While hydrogen peroxide and UV irradiation have demonstrated high kill rates, environmental surfaces will be constantly re-contaminated, and the CDC does not recommend chemical fogging for general infection control (4). It should be noted that several recent clinical trials have shown that the use of UV devices and hydrogen peroxide systems resulted in reduction of HAI (to be discussed in the next blog).

Unfortunately, there are significant concerns for the safety of patients and workers that may be inadvertently exposed to hydrogen peroxide or UV irradiation when used in the medical environment. Exposure to hydrogen peroxide may cause neurological, respiratory and other damage, and exposure to UV can cause deleterious effects to the skin, eyes, and immune system. It is also known that all forms of UV can cause skin cancer. Limiting exposure to hydrogen peroxide or UV irradiation must thus be considered in areas where humans or animals may be present. Furthermore, especially regarding fumigation, even neighboring areas may be affected, as the fumigating agents may move through ventilation or sewer lines, as was the case in several unfortunate accidents (reviewed by 5). Using fumigation requires careful sealing of ventilation ducts, plumbing fixtures, doors, windows and any other openings with a material that will resist penetration. Blocking ventilation ducts causing changes in room pressurization or increasing room leakage could contribute to infection spread (6).

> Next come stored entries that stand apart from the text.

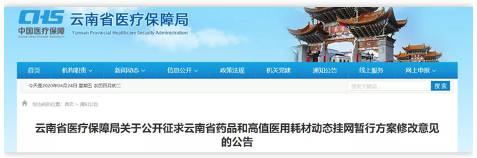 近日,云南省醫(yī)保局發(fā)布《云南省藥品和高值醫(yī)用耗材動(dòng)態(tài)掛網(wǎng)方案(征求意見稿)》(下稱《意見稿》)。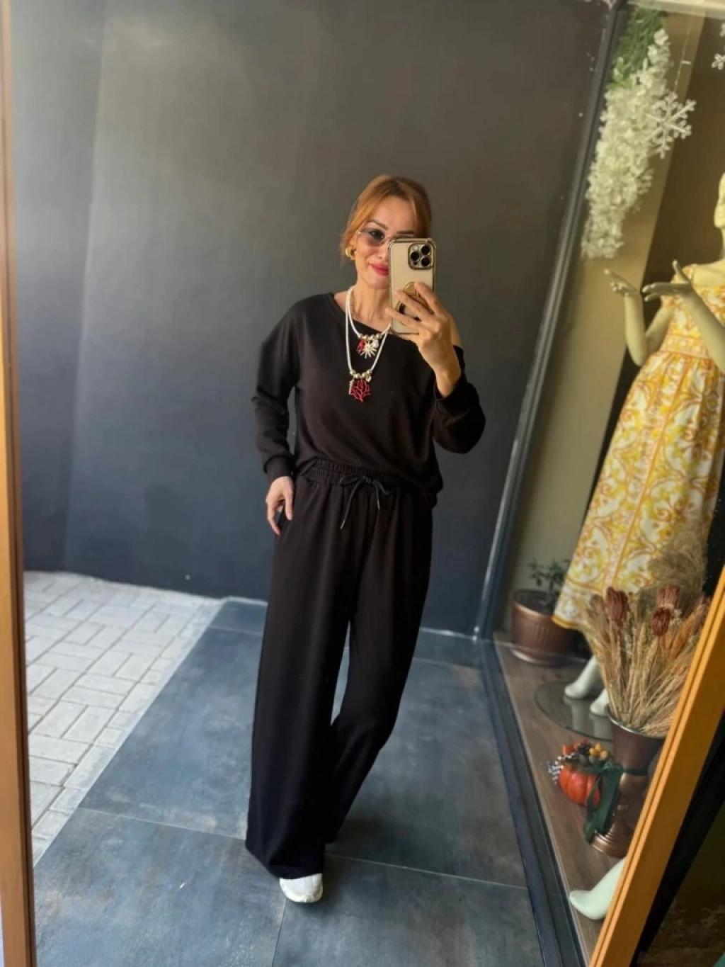 Kadın Uzun Kollu Tek Omuzdan Açık Viskon Iki Iplik Bluz Ve Pantolon Ikili Takım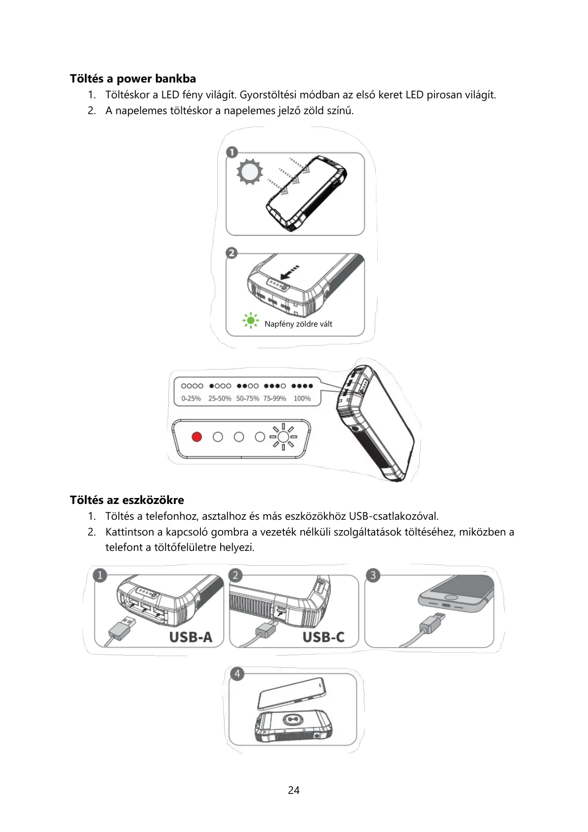 1. Töltés a telefonhoz, asztalhoz és más eszközökhöz USB-csatlakozóval.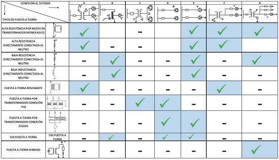 Para lograr la especificación de la PTN, primero, es necesario identificar los tipos de puesta a tierra que son recomendados de acuerdo con las configuraciones de conexión del generador al sistema. La norma IEEE Std C37.101.2006 [2] indica cuáles son los tipos de puesta a tierra aplicados a los sistemas de generación más comunes, los cuales se presentan en la tabla 1.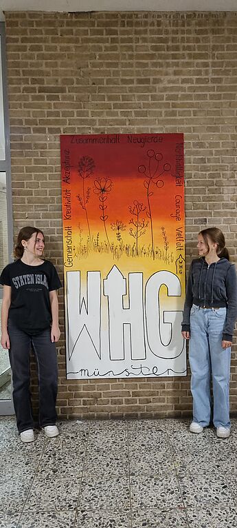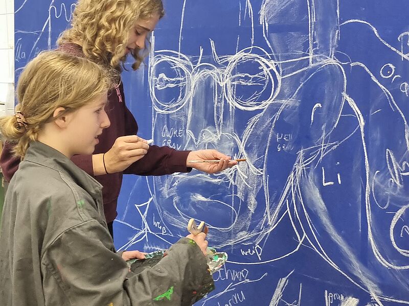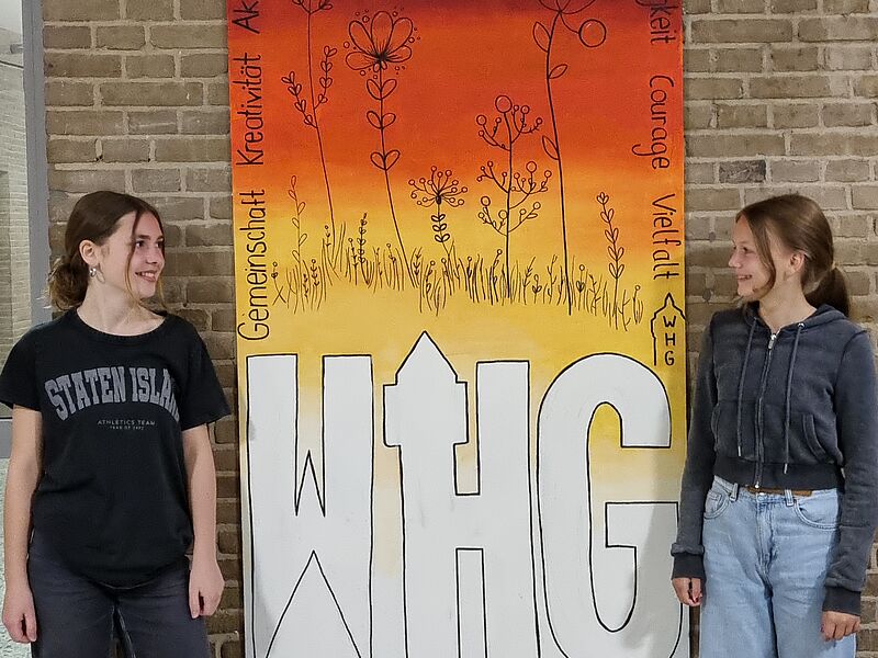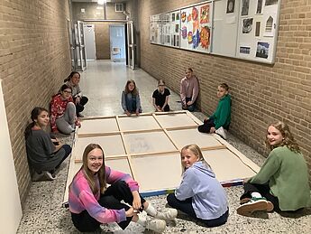 Ein ganz besonderes Dankeschön an unseren Hausmeister Reinhard Baum und Hussein Khanafer, die mit Tatkraft die Leinwand so an die Wand gebracht haben, dass sie sicher und nachhaltig lange dort hängt und den Flur verschönert.

  1. Weber DJ, Rutala WA, Anderson DJ, Chen LF, Sickbert-Bennett EE, Boyce JM. Effectiveness of ultraviolet devices and hydrogen peroxide systems for terminal room decontamination: Focus on clinical trials. Am J Infect Control 2016;44(5 Suppl):e77-84.

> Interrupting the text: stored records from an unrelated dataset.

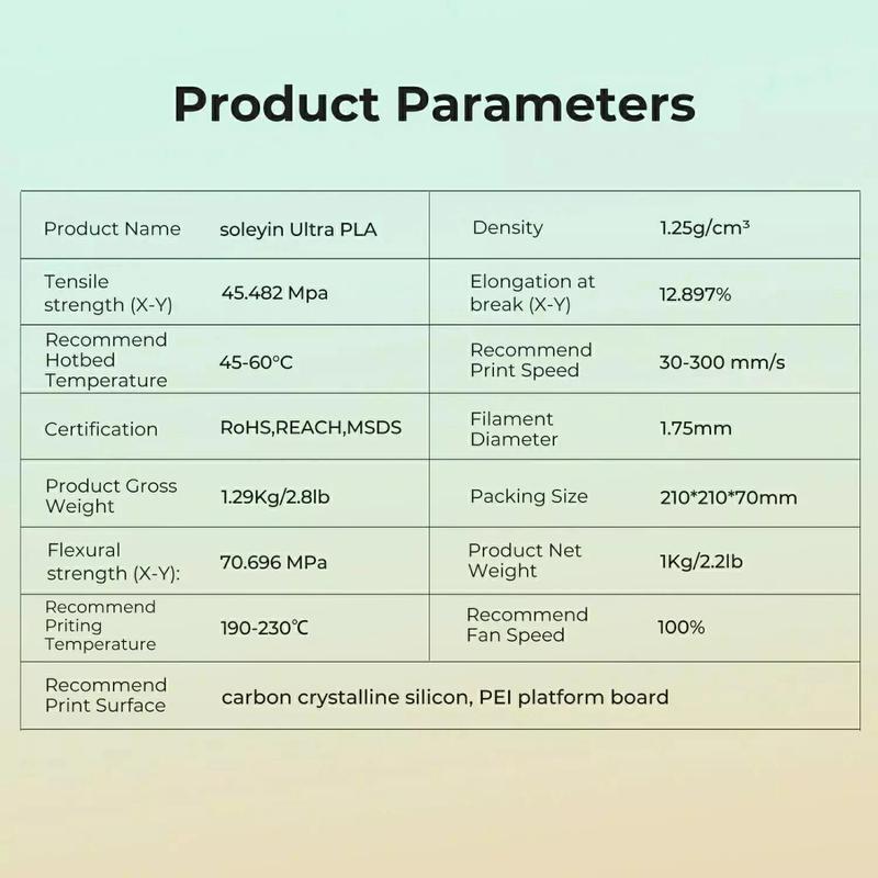 ·Dimensional Accuracy & Consistency: 1kg spool (2.2lbs) Ultra PLA filament, 1.75mm diameter with ±0.02mm minimum tolerance.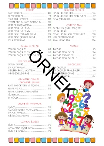 KESİRLERDE TOPLAMA İŞLEMİ ............................129 ÇEVRE UZUNLUĞU PROBLEMLERİ ................180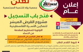 ضمن مشروع القرض الحسن لتمكين الأسر الفلسطينية والمُمَول من مؤسسة فيفا فلسطينا -ماليزيا، وزعت جمعية روّاد للتنمية المجتمعية ش ...

  2. Davies A, Pottage T, Bennett A, Walker J. Gaseous and air decontamination technologies for Clostridium difficile in the healthcare environment. J Hosp Infect 2011;77:199-203.
  3. Quek PH, Hu J. Influence of photoreactivating light intensity and incubation temperature on photoreactivation of Escherichia coli following LP and MP UV disinfection. Journal of Applied Microbiology, Vol. 105, No. 1, 2008, pp. 124-133.
  4. CDC. Guidelines for Environmental Infection Control in Health-Care Facilities: Recommendations of the CDC and the Healthcare Infection Control Practices Advisory Committee (HICPAC). MMWR, Vol. 52 (No. RR-10), No. 2003, pp. 1-48.
  5. Byrns G. Alternative Room Disinfection Modalities – Pros and Cons, In: Use of Biocidal Surfaces for Reduction of Healthcare Acquired Infections. G. Borkow, Ed. pp 187-207.
  6. Byrns G, Fuller TP. The Risks and Benefits of Chemical Fumigation in the Health Care Environment. Journal of Occupational and Environmental Hygiene, Vol. 8, No. 2, 2011, pp. 104-112.